Crypto e-commerce platform Bitrefill mentioned it was the goal of a cyberattack earlier this month that resulted in stolen funds and restricted publicity of buyer information, with indicators pointing to the North Korean-linked Lazarus Group as a possible perpetrator.
The breach, which started on March 1, originated from a compromised worker laptop computer, in line with the corporate’s incident report.
Attackers had been capable of extract legacy credentials tied to manufacturing methods, permitting them to escalate entry throughout Bitrefill’s infrastructure, together with segments of its inner database and sure cryptocurrency sizzling wallets.
Bitrefill mentioned the attackers drained an undisclosed quantity of funds from its sizzling wallets whereas additionally exploiting its present card stock methods to put suspicious purchases with distributors. The corporate didn’t specify the entire monetary affect however acknowledged it is going to take in the losses utilizing operational capital.
The intrusion was first detected via irregular buying patterns and anomalies in provider exercise.
In response, Bitrefill briefly took its methods offline to include the breach throughout its international operations. The corporate mentioned companies, together with funds and account entry, have since returned to regular ranges.
As a part of the assault, roughly 18,500 buy data had been accessed. The uncovered information contains e mail addresses, cryptocurrency fee addresses and metadata corresponding to IP addresses.
Round 1,000 of these data concerned encrypted buyer names, that are being handled as doubtlessly uncovered as a result of risk that attackers accessed encryption keys. Bitrefill mentioned it has notified affected customers immediately.

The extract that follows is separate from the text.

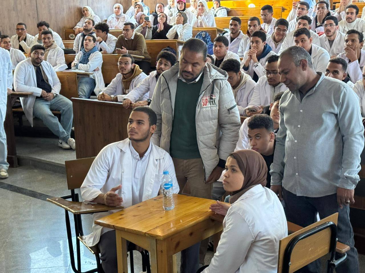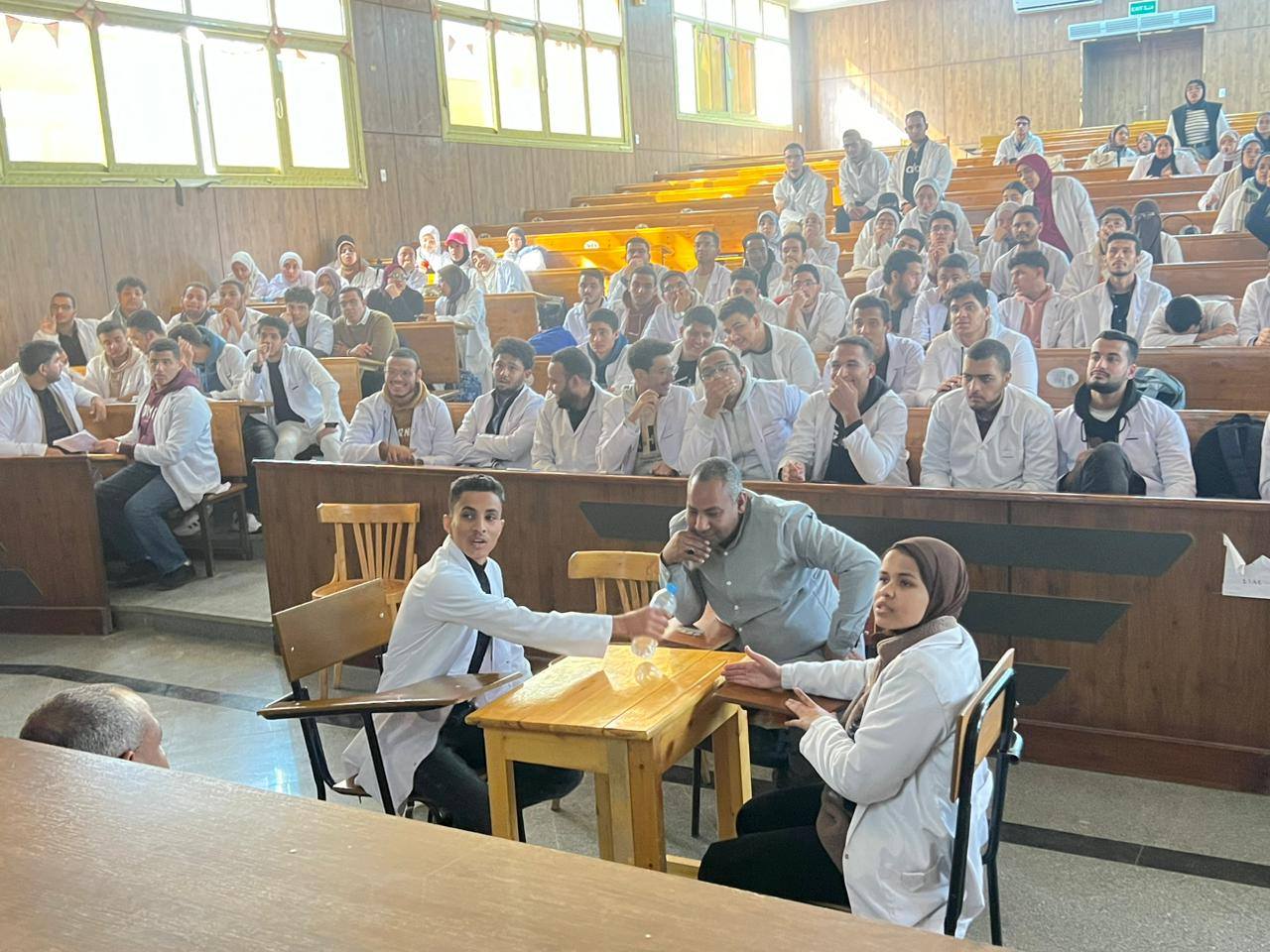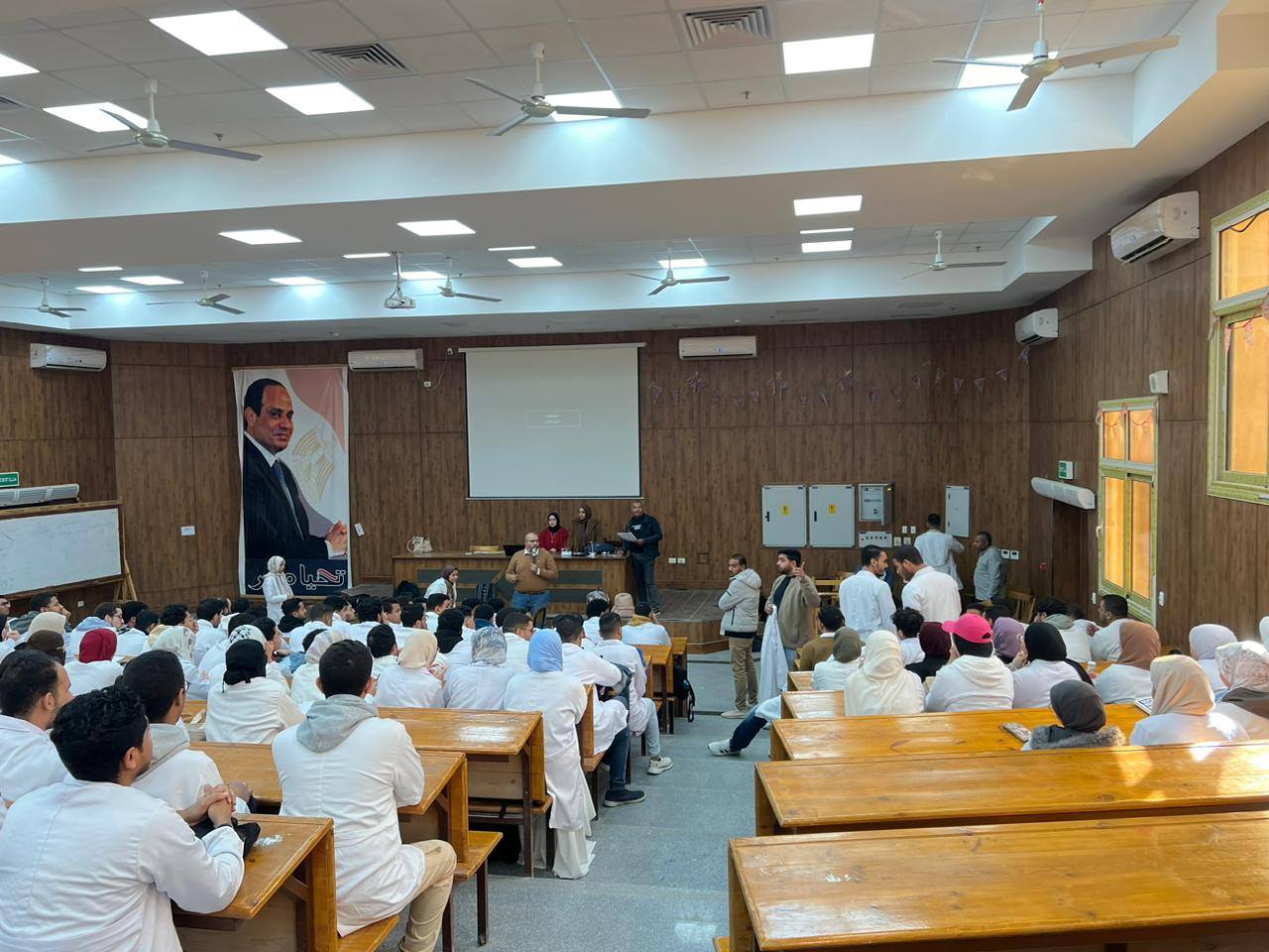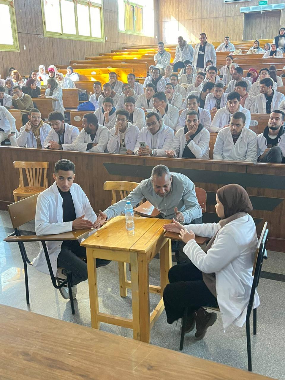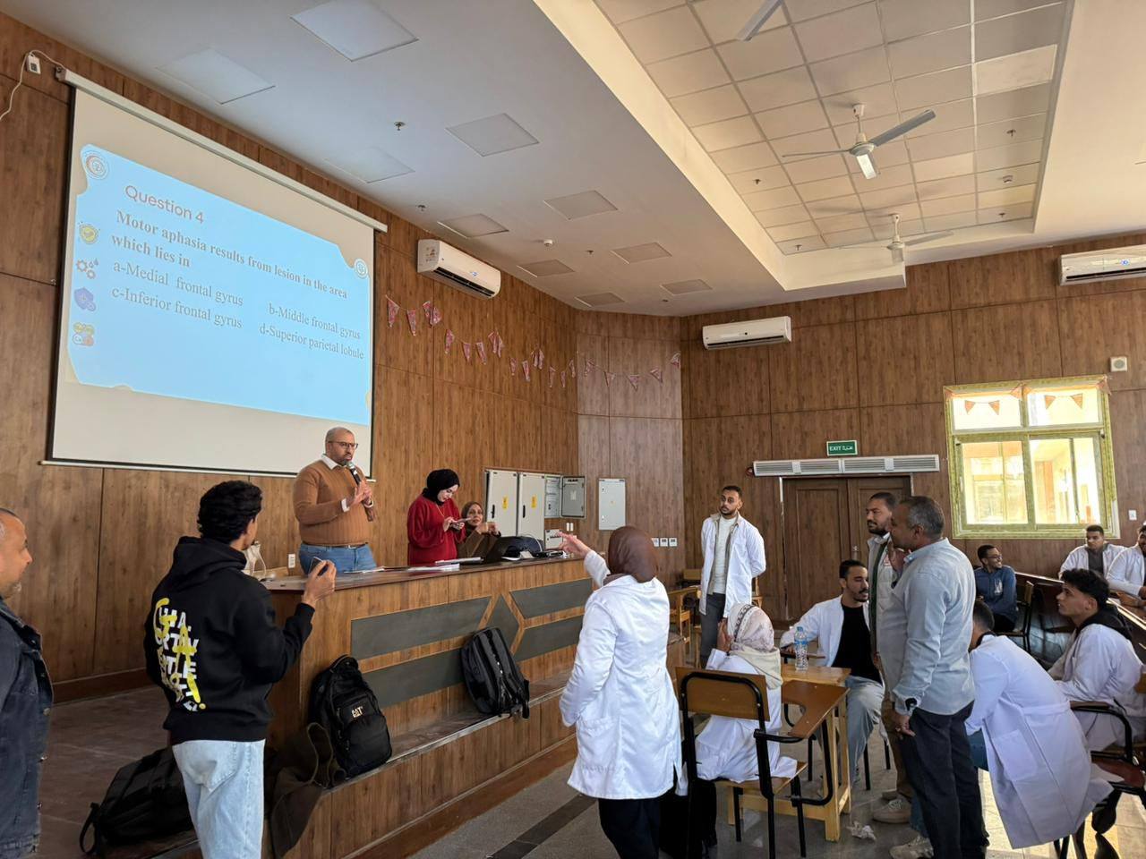 تحت رعاية الدكتور أحمد عكاوي، رئيس الجامعة، والدكتور محمد إسماعيل، نائب رئيس الجامعة للشؤون الأكاديمية، والدكتور أحمد علي عامر، مدير برنامج الطب والجراحة، وفي إطار حرص الجامعة على تطوير العملية التعليمية وتحفيز طلاب الفرقة الثالثة ببرنامج الطب والجراحة على التميز الأكاديمي، تم اختتام مسابقة أفضل سكشن علميًا (العباقرة) لموديول النيورو، والذي يُعد من أصعب الموديولات خلال فترة الدراسة الأكاديمية. وجاءت المسابقة بهدف رفع مستوى التحصيل الدراسي لدى الطلاب، وتعزيز الفهم العميق لموضوعات موديول النيورو، إلى جانب تنمية مهارات التفكير والتحليل والعمل الجماعي، وتحويل المذاكرة من مجرد حفظ نظري إلى منافسة علمية إيجابية تسهم في ترسيخ المفاهيم العلمية بشكل أكثر فاعلية. وقد لوحظ خلال مختلف مراحل المسابقة تحسن ملحوظ في مستوى أداء الطلاب، وزيادة واضحة في معدلات التفاعل داخل السكاشن، فضلاً عن ارتفاع درجة الاستعداد العلمي للموديول مقارنة بالفترات الدراسية السابقة، وهو ما يعكس الأثر الإيجابي للمسابقة على العملية التعليمية. وتتقدم إدارة المقرر بخالص التهنئة إلى سكشن (2) لحصوله على لقب أفضل سكشن علميًا، بعد أداء متميز عكس الجهد المبذول والمذاكرة الواعية والفهم الحقيقي للمحتوى العلمي، حيث ضم الفريق الطلاب: باسم مصطفى بكري، إيمان عادل أمين، الزهراء محمد عطيتو، أسماء مصطفى السيد محمد، إسراء أيمن محمد، إسراء حسين عبد الله، تغريد عبد المنعم علي، حاتم أمام حسن، أنس مصطفى محمد، بشار فتح الله عبد الجيد، وأمير رائف صلاح. كما تتوجه إدارة البرنامج بالشكر والتقدير إلى جميع الطلاب المشاركين في المسابقة، وإلى أعضاء هيئة التدريس والهيئة المعاونة القائمين على تنظيمها وتحكيمها، مؤكدة أن مثل هذه الأنشطة التعليمية التفاعلية تسهم بفاعلية في إعداد طبيب المستقبل القادر على التفكير والتحليل واتخاذ القرار، وليس الاعتماد على الحفظ فقط. وقد أُقيمت المرحلة النهائية للمسابقة تحت إشراف الدكتورة مها عبد الباقي، أستاذ التشريح، والدكتورة بسمة تيتو، منسق الموديول وأستاذة الباثولوجي، في إطار الحرص على تطبيق معايير علمية دقيقة وضمان عدالة التقييم بين جميع الفرق المشاركة.

Regardless of the breach, the corporate emphasised that it shops minimal private information and doesn’t require necessary know-your-customer verification for many transactions. Any KYC-related info is dealt with by exterior suppliers and isn’t saved inside Bitrefill’s methods. The agency added there isn’t any proof that its full database was exfiltrated or that buyer information was the first goal.
“Based mostly on our investigation and logs, we don’t have cause to assume that buyer information was the target,” the corporate mentioned, noting that the attackers appeared to conduct restricted queries in step with probing for useful property corresponding to cryptocurrency holdings and present card stock.
North Korea’s Lazarus Group was concerned
Bitrefill cited a number of indicators linking the assault to the Lazarus Group, together with similarities in malware, reused infrastructure corresponding to IP addresses and e mail accounts, and on-chain transaction patterns.
The group, usually related to North Korea, has been tied to among the largest crypto thefts lately via its specialised subgroup, Bluenoroff.
Cybersecurity corporations together with zeroShadow, SEAL911 and RecoverisTeam assisted within the response and investigation, alongside on-chain analysts and regulation enforcement. The corporate mentioned it’s implementing extra safety measures, together with expanded monitoring methods and inner controls, to stop related incidents.
The assault highlights ongoing considerations round state-sponsored cyber threats within the digital asset sector.
In line with blockchain analytics agency Chainalysis, teams linked to North Korea had been chargeable for greater than $2 billion in crypto thefts in 2025, accounting for a major share of whole illicit exercise within the area.
Bitrefill mentioned operations have stabilized following the incident and expressed confidence in its restoration, noting that buyer exercise and gross sales volumes have returned to typical ranges.